BEGIN Input data
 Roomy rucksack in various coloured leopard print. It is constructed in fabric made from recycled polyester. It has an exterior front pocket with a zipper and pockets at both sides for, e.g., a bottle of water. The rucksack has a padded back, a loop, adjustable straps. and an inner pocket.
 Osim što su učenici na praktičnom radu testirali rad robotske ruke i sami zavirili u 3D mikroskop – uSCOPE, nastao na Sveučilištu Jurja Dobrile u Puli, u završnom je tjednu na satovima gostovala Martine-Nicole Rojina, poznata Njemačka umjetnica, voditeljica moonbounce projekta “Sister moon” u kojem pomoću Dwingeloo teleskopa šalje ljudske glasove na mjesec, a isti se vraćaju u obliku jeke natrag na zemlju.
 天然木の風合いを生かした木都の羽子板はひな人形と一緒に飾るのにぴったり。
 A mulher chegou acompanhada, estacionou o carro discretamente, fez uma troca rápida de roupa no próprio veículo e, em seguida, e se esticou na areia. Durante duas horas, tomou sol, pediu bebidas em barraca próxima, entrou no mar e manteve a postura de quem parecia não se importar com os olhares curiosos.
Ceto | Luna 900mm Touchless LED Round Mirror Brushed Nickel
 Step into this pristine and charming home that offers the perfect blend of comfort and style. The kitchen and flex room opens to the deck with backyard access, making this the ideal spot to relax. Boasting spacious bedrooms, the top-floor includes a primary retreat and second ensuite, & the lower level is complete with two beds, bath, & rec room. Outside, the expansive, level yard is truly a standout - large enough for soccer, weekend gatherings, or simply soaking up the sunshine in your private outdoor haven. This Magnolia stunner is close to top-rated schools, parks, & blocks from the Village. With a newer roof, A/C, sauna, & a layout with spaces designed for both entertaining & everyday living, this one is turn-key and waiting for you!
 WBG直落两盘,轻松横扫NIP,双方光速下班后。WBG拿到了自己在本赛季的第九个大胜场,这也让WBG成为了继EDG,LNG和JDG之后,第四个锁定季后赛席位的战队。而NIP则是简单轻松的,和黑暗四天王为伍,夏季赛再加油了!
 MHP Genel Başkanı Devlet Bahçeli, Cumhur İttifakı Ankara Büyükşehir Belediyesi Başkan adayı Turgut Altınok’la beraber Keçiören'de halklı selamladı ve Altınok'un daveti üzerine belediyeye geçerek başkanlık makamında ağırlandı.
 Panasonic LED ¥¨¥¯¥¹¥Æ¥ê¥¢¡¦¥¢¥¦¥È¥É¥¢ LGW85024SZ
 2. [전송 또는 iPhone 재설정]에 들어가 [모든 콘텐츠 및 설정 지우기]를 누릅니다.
END Input data
Work to complete
Output the data exactly, in full.

Response
 Roomy rucksack in various coloured leopard print. It is constructed in fabric made from recycled polyester. It has an exterior front pocket with a zipper and pockets at both sides for, e.g., a bottle of water. The rucksack has a padded back, a loop, adjustable straps. and an inner pocket.
 Osim što su učenici na praktičnom radu testirali rad robotske ruke i sami zavirili u 3D mikroskop – uSCOPE, nastao na Sveučilištu Jurja Dobrile u Puli, u završnom je tjednu na satovima gostovala Martine-Nicole Rojina, poznata Njemačka umjetnica, voditeljica moonbounce projekta “Sister moon” u kojem pomoću Dwingeloo teleskopa šalje ljudske glasove na mjesec, a isti se vraćaju u obliku jeke natrag na zemlju.
 天然木の風合いを生かした木都の羽子板はひな人形と一緒に飾るのにぴったり。
 A mulher chegou acompanhada, estacionou o carro discretamente, fez uma troca rápida de roupa no próprio veículo e, em seguida, e se esticou na areia. Durante duas horas, tomou sol, pediu bebidas em barraca próxima, entrou no mar e manteve a postura de quem parecia não se importar com os olhares curiosos.
Ceto | Luna 900mm Touchless LED Round Mirror Brushed Nickel
 Step into this pristine and charming home that offers the perfect blend of comfort and style. The kitchen and flex room opens to the deck with backyard access, making this the ideal spot to relax. Boasting spacious bedrooms, the top-floor includes a primary retreat and second ensuite, & the lower level is complete with two beds, bath, & rec room. Outside, the expansive, level yard is truly a standout - large enough for soccer, weekend gatherings, or simply soaking up the sunshine in your private outdoor haven. This Magnolia stunner is close to top-rated schools, parks, & blocks from the Village. With a newer roof, A/C, sauna, & a layout with spaces designed for both entertaining & everyday living, this one is turn-key and waiting for you!
 WBG直落两盘,轻松横扫NIP,双方光速下班后。WBG拿到了自己在本赛季的第九个大胜场,这也让WBG成为了继EDG,LNG和JDG之后,第四个锁定季后赛席位的战队。而NIP则是简单轻松的,和黑暗四天王为伍,夏季赛再加油了!
 MHP Genel Başkanı Devlet Bahçeli, Cumhur İttifakı Ankara Büyükşehir Belediyesi Başkan adayı Turgut Altınok’la beraber Keçiören'de halklı selamladı ve Altınok'un daveti üzerine belediyeye geçerek başkanlık makamında ağırlandı.
 Panasonic LED ¥¨¥¯¥¹¥Æ¥ê¥¢¡¦¥¢¥¦¥È¥É¥¢ LGW85024SZ
 2. [전송 또는 iPhone 재설정]에 들어가 [모든 콘텐츠 및 설정 지우기]를 누릅니다.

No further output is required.